Dataset items

☆ ☆ ☆ ☆ ☆

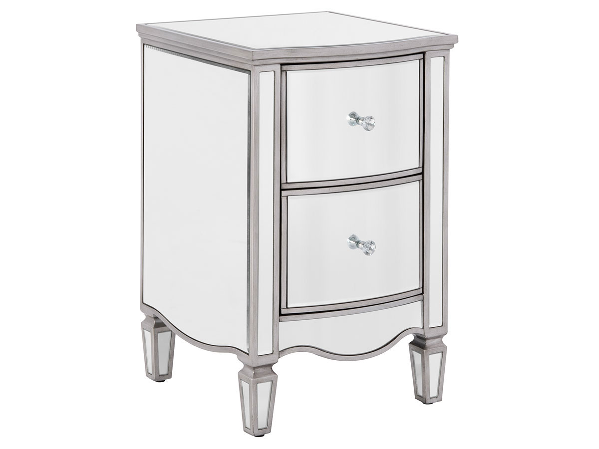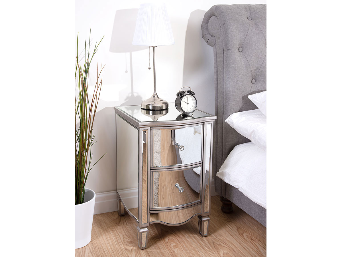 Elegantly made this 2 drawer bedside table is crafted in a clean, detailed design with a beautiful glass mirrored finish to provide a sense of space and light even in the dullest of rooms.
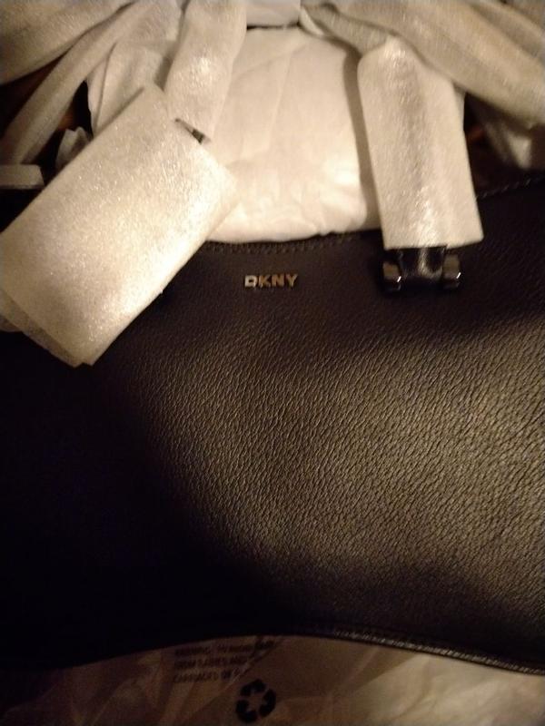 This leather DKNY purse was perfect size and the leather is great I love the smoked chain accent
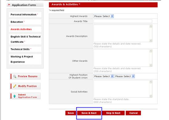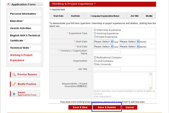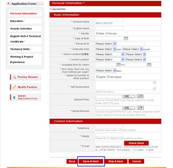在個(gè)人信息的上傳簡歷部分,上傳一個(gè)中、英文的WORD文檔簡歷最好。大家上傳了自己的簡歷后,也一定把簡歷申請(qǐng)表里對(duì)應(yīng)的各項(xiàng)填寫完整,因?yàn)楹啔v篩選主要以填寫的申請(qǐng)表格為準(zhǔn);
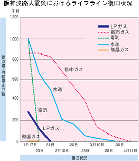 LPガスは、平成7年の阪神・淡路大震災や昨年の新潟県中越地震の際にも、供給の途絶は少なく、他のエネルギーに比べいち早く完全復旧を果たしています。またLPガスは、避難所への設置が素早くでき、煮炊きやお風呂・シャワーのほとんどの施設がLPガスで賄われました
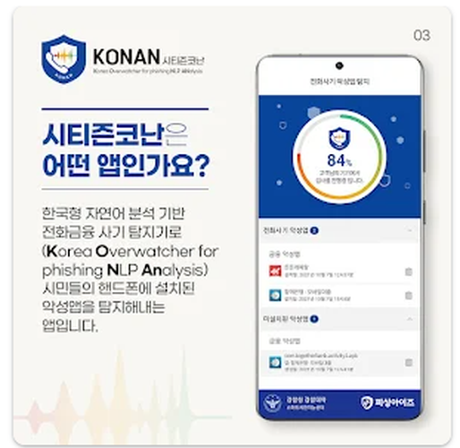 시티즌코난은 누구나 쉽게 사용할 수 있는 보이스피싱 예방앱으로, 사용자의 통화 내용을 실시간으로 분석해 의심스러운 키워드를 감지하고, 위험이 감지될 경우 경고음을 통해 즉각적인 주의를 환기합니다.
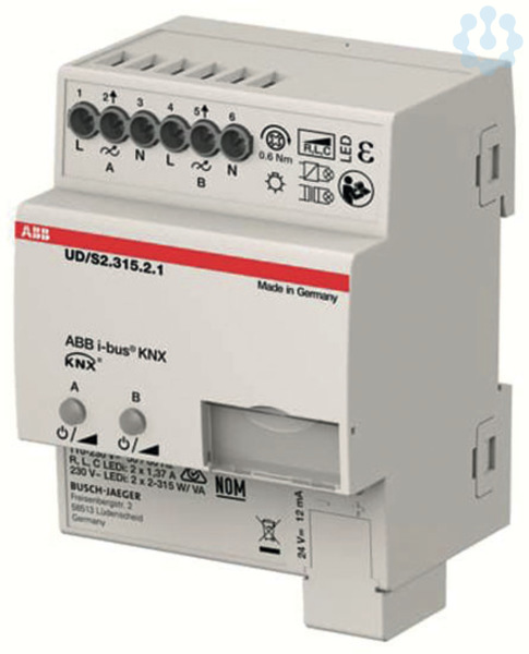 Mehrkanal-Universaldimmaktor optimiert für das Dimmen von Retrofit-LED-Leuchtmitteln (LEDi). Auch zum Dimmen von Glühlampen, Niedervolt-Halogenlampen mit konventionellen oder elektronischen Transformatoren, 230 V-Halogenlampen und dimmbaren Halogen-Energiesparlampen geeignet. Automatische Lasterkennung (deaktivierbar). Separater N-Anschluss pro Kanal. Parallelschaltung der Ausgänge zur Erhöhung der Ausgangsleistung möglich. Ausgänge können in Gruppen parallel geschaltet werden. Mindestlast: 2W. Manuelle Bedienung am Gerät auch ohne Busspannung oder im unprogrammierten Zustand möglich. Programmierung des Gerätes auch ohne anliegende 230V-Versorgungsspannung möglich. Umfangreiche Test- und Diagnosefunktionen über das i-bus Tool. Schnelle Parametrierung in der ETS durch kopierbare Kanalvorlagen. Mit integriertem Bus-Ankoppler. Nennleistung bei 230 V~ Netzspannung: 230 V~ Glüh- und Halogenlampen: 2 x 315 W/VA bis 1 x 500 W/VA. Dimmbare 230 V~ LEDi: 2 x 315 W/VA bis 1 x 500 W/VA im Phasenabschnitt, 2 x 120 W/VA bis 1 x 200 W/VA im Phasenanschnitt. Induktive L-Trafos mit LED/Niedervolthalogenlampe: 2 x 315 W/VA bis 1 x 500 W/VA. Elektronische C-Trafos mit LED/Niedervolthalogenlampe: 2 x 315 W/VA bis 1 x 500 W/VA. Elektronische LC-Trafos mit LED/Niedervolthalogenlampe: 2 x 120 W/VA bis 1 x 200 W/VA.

☆ ☆ ☆ ☆ ☆

REQUIRED ACTION:
Put down exactly the lines of the data above that run from its first line through the line bearing "시티즌코난은 누구나 쉽게", and no pictures.

TASK RESULT:
 Elegantly made this 2 drawer bedside table is crafted in a clean, detailed design with a beautiful glass mirrored finish to provide a sense of space and light even in the dullest of rooms.
 This leather DKNY purse was perfect size and the leather is great I love the smoked chain accent
在個(gè)人信息的上傳簡歷部分,上傳一個(gè)中、英文的WORD文檔簡歷最好。大家上傳了自己的簡歷后,也一定把簡歷申請(qǐng)表里對(duì)應(yīng)的各項(xiàng)填寫完整,因?yàn)楹啔v篩選主要以填寫的申請(qǐng)表格為準(zhǔn);
 LPガスは、平成7年の阪神・淡路大震災や昨年の新潟県中越地震の際にも、供給の途絶は少なく、他のエネルギーに比べいち早く完全復旧を果たしています。またLPガスは、避難所への設置が素早くでき、煮炊きやお風呂・シャワーのほとんどの施設がLPガスで賄われました
 시티즌코난은 누구나 쉽게 사용할 수 있는 보이스피싱 예방앱으로, 사용자의 통화 내용을 실시간으로 분석해 의심스러운 키워드를 감지하고, 위험이 감지될 경우 경고음을 통해 즉각적인 주의를 환기합니다.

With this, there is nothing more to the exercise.